Billionaires marry wealthy and prosperous people, they do not choose partners from poor families. Of course, there are exceptions but the rule is that. When a poor guy wants to marry a very rich girl, her parents won’t approve of that and she will need to listen to them or just run away and live in poverty but in love marriage.

Our life is full of paradoxes and marriages are one of them. Both love and arranged marriages have their advantages and drawbacks as well as their challenges to overcome. There is no one universal working formula for a happy marriage, so do not seek it and make your decisions.

The advantages of an arranged marriage

arranged marriage site

  • low divorce rate — 4% around the world and 1% in India where 90% of marriages are arranged by their families;
  • a lower level of disappointment with your partner due to low expectations when getting married;
  • your parents and families are surely happy and approve of your marriage;
  • possibility to grow true feelings with years;
  • the “verification” of your partner — you are well-aware of your spouse’s origin, family, social status, and are sure to be protected and secured in that marriage.

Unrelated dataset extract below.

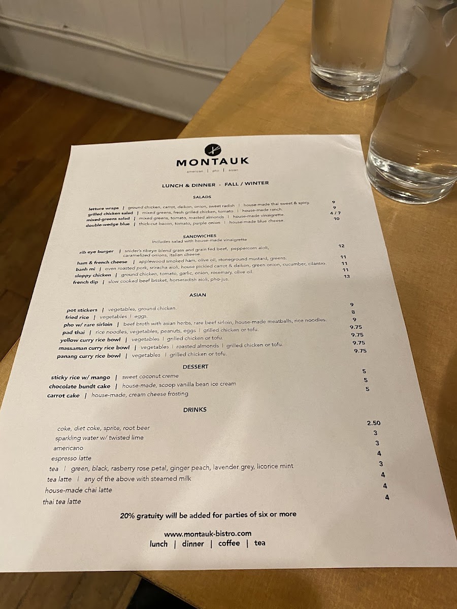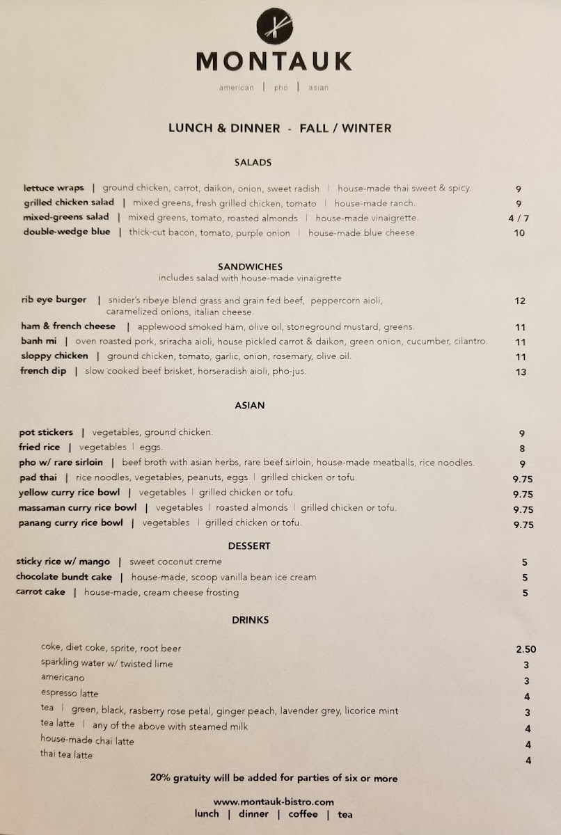 The menu features a diverse selection of dishes reflecting New American and Asian fusion influences, suitable for breakfast, brunch, lunch, and casual dining occasions. It includes a variety of sandwiches, Asian-inspired dishes, and desserts alongside coffee and specialty beverages.

The arranged marriages disadvantages

  • you marry almost an unknown person;
  • it takes time to develop feelings towards your partner;
  • you may never fall in love with your spouse.

How to handle your marriage if your parents arrange it for you

If it happens somehow that your parents arrange your marriage against your will, do not be desperate and don’t hurry to run away from your partner and family. It all may be not as scary as it seems. You just need to learn how to cope with your stress, expectations, and fears.

Here are some tips and recommendations for you to follow and make your marriage work:

  • Discuss a lot. If you do not know each other well enough, it doesn’t mean you shouldn’t talk. You can discuss your roles in marriage, your attitude towards children, etc. You do not necessarily have to play traditional roles in your family. Your wife may not be a great good but you can.
  • Find common interests. It is crucial to look for common interests, you both may adore reading, skiing, cinema, and many other things. Just find them. A big no-no will be trying to change the interests and hobbies of your partner. Do not impose watching historical movies if your partner hates them. Instead, do what you enjoy and ask your partner about his//her likes. Keep searching, talking, and you will definitely find common grounds.
  • Have dates. You could have no chance to date and get to know each other before. Now as you start a new life, have no children, and no other problems to solve, you can take your time and go on dates finally. Learn more about each other this way and develop feelings toward each other.
  • Spend time alone, just two of you and no one else. It is crucial to have intimate moments, find out about each other’s likes and dislikes, desires and expectations. Spend quality time together as much as possible and you will see how your mutual love grows.

Arranged marriages are not the end of the world

It is only up to you what marriage to choose — follow your feelings or your parents’ will. Just remember that your family may not wish you anything bad, and if you close your eyes on them arranging your life for you, you might get a wonderful life in return.

No matter what your attitude towards arranged marriages is — facts do not lie. Such marriages are proven to be stronger for some reason and it means they deserve being even in modern society.